> **Task brief**
Set down every line from the one containing "Anders Mörns karta" through the last line of the records below, exactly as written, and leave out the pictures.

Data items
################

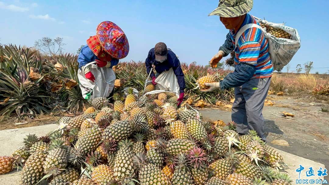 進入四月,台灣迎來鳳梨盛產季節,由於今年雨水少,台灣南部許多鳳梨農表示,出現不少裂果的情況,加上今年產量是最近五年新高,農民擔心出現價格崩盤。香港中通社圖片
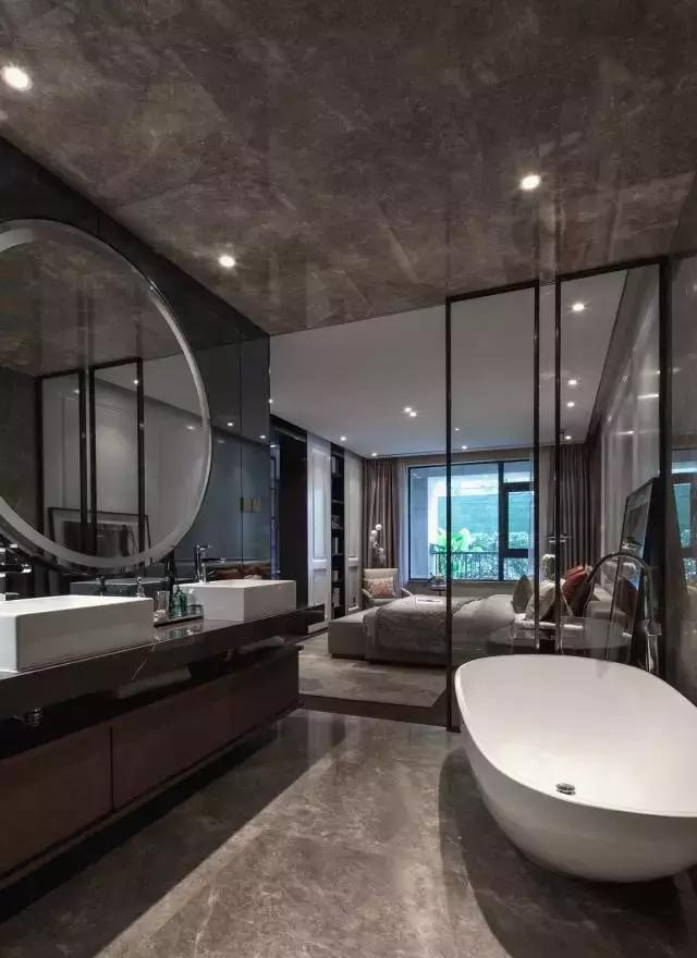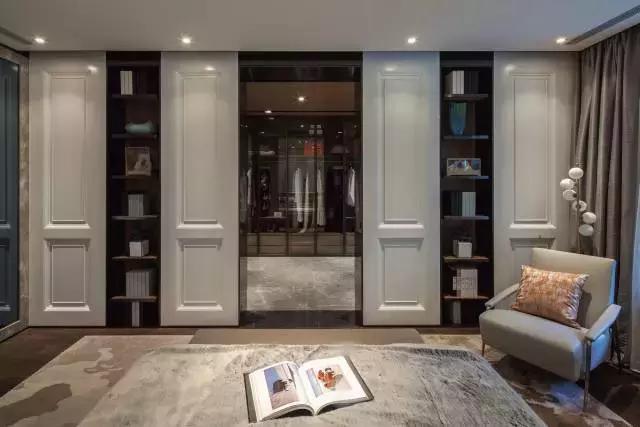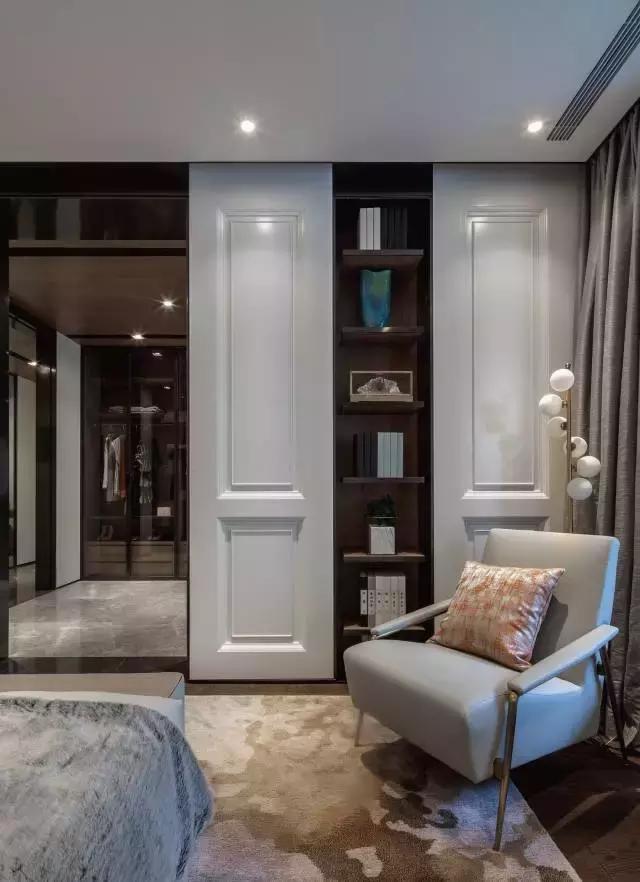 主臥中,設(shè)計(jì)師將生活轉(zhuǎn)化為極致的簡(jiǎn)潔,將原本靠南的次臥與主臥打通,形成一個(gè)大的套間,配套開(kāi)敞式衛(wèi)生間,彰顯主臥的奢華品質(zhì),同時(shí)豐富衣帽間與書(shū)房的使用功能。木色的大面積運(yùn)用,讓空間靜怡而謙和,而大理石的鋪陳又淬煉出時(shí)尚肌理和質(zhì)感。
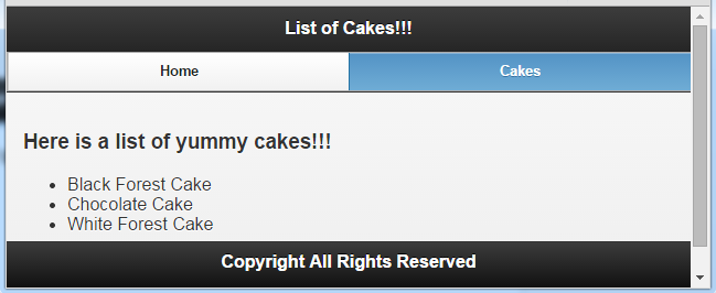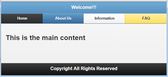 Save the file as navbars.html and open it using your browser. You will get a screen like this:
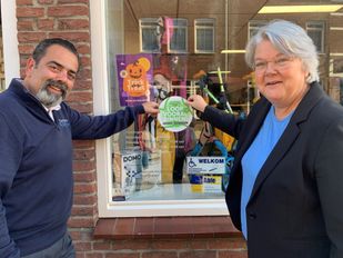 · 'Wij houden de kou buiten, maar loop vooral binnen', valt te lezen op de sticker in de etalage van de ondernemer uit Roosendaal.
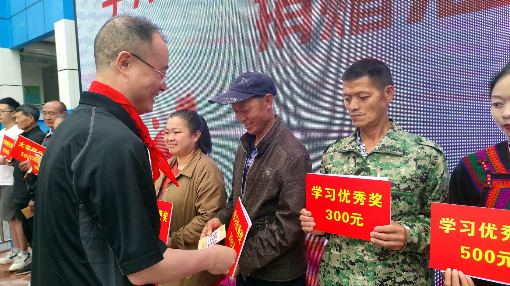 活动中,刘忠一行还向考入高职、中职,以及在各年级期末考试中取得优异名次的16名学生的家长发放奖助学金,共计8700元,传达sunbet申搏官方网站对山区孩子的深情厚谊。
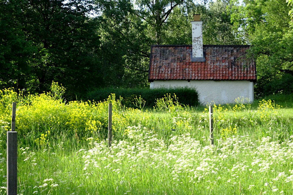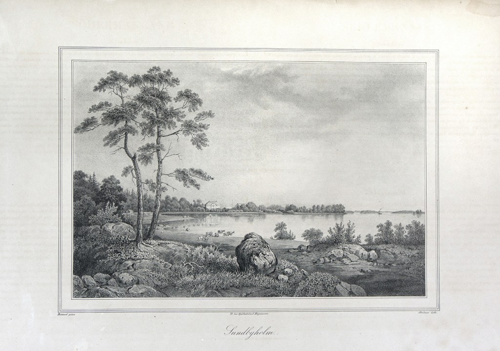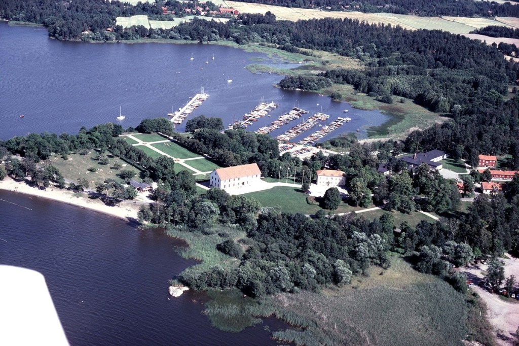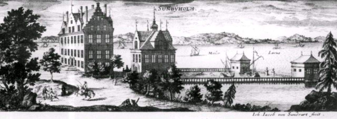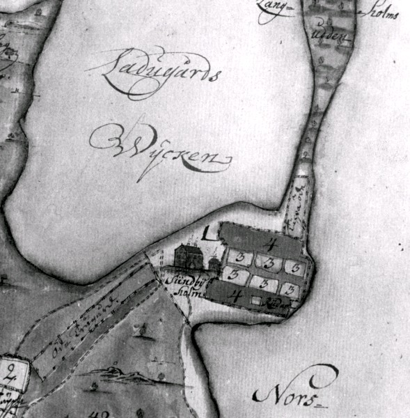 ”Lantmätare Anders Mörns karta över Sundbyholms slott från 1723, visar hur de bägge byggnaderna, Gamla och Nya huset, ligger vid basen av den sandiga halvön ut i Målaren. Nr 2 på kartan visar ladugården. Nr 3 stora trädgården anlagd till kryddsängar och kålland. Nr 4 betecknar fruktträdgården”
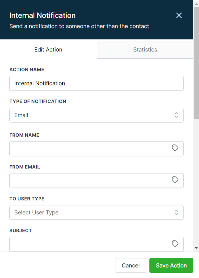 * Under Actions, select “Send Internal Notification” in the “CRM” section of the Actions Menu
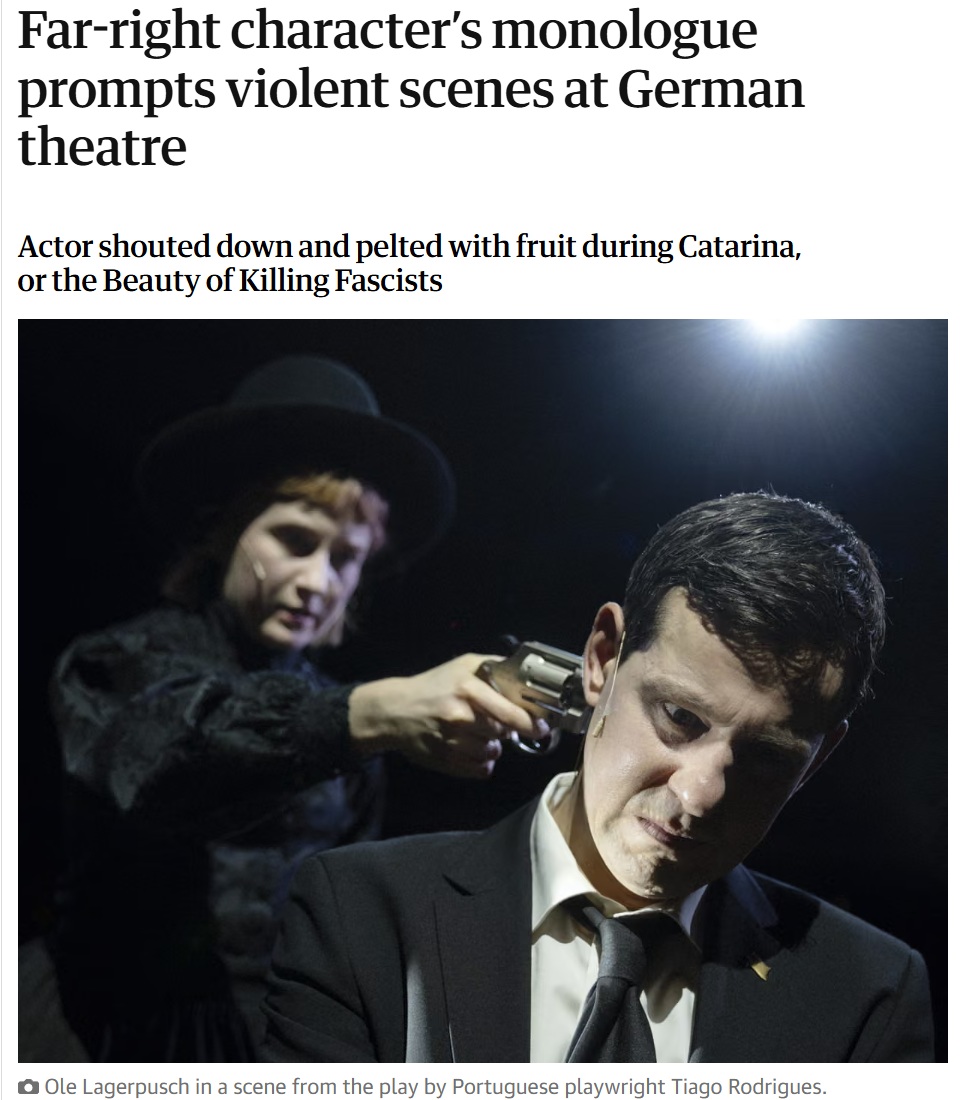 https://www.theguardian.com/world/2026/feb/16/play-fascism-violent-scenes-german-theatre-bochum-tiago-rodriguezThe Left are so unhinged they're assaulting actors playing fictional characters saying things they don't like now“[But] I was astonished by the stupidity, really. I never ever thought – nobody did – that somebody from the audience would jump on stage and try to hit the actor … I would expect this from the people we are voting against, but not from the people who should be on our side.”>"N-nooooo we're on your side guise please don't attack us, only the far-right are violent!"

################

> **Solution to the exercise**
 ”Lantmätare Anders Mörns karta över Sundbyholms slott från 1723, visar hur de bägge byggnaderna, Gamla och Nya huset, ligger vid basen av den sandiga halvön ut i Målaren. Nr 2 på kartan visar ladugården. Nr 3 stora trädgården anlagd till kryddsängar och kålland. Nr 4 betecknar fruktträdgården”
 * Under Actions, select “Send Internal Notification” in the “CRM” section of the Actions Menu
 https://www.theguardian.com/world/2026/feb/16/play-fascism-violent-scenes-german-theatre-bochum-tiago-rodriguezThe Left are so unhinged they're assaulting actors playing fictional characters saying things they don't like now“[But] I was astonished by the stupidity, really. I never ever thought – nobody did – that somebody from the audience would jump on stage and try to hit the actor … I would expect this from the people we are voting against, but not from the people who should be on our side.”>"N-nooooo we're on your side guise please don't attack us, only the far-right are violent!"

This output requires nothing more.